- WHAT IS REQUIRED:
Repeat exactly the lines of the entries below from the one with "I can recommend" through the one with "闪灯案例分享,香港中环,当时", both ends included, and nothing else.

- SUPPLIED DATA:
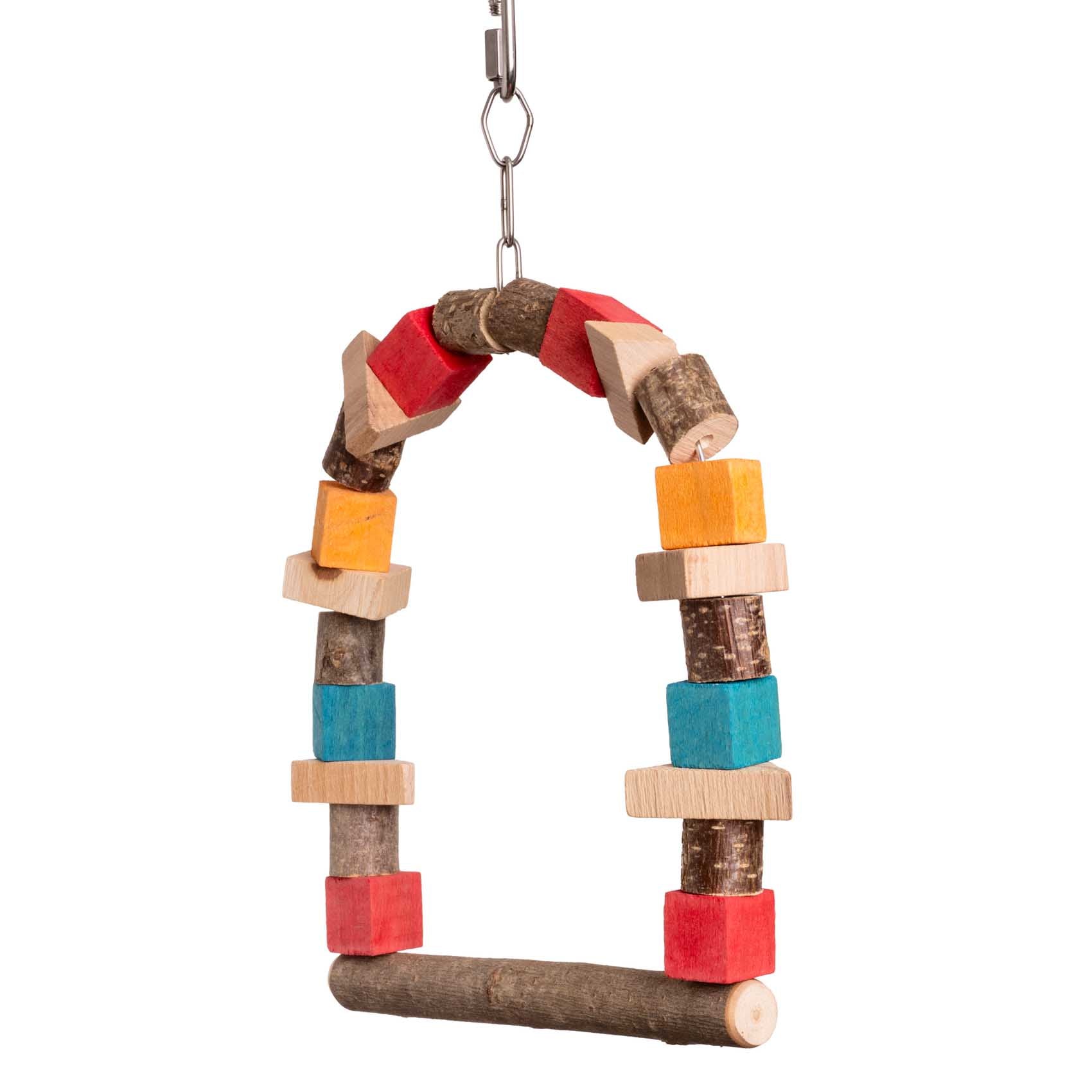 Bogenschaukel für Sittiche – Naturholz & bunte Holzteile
* * *
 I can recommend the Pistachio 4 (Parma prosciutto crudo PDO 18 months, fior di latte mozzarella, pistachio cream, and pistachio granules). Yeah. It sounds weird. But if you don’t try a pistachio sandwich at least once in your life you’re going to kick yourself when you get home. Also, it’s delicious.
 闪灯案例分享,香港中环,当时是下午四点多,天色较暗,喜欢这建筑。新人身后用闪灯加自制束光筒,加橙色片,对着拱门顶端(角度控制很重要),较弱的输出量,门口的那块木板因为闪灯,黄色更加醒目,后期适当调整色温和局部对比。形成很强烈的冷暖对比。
==
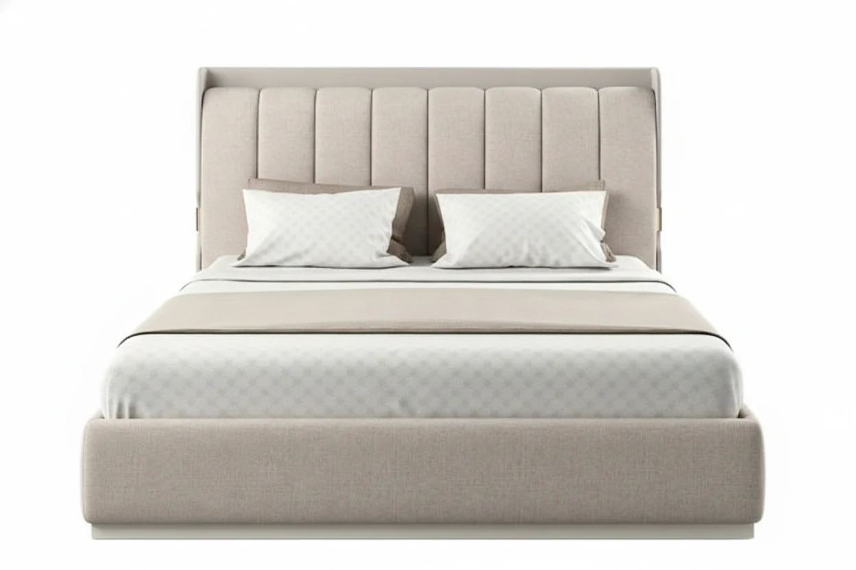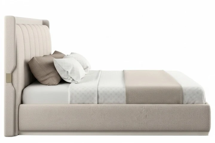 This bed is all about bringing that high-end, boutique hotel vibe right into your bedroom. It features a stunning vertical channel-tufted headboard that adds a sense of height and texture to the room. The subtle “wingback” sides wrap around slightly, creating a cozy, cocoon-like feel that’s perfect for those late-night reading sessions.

- FINAL ANSWER:
 I can recommend the Pistachio 4 (Parma prosciutto crudo PDO 18 months, fior di latte mozzarella, pistachio cream, and pistachio granules). Yeah. It sounds weird. But if you don’t try a pistachio sandwich at least once in your life you’re going to kick yourself when you get home. Also, it’s delicious.
 闪灯案例分享,香港中环,当时是下午四点多,天色较暗,喜欢这建筑。新人身后用闪灯加自制束光筒,加橙色片,对着拱门顶端(角度控制很重要),较弱的输出量,门口的那块木板因为闪灯,黄色更加醒目,后期适当调整色温和局部对比。形成很强烈的冷暖对比。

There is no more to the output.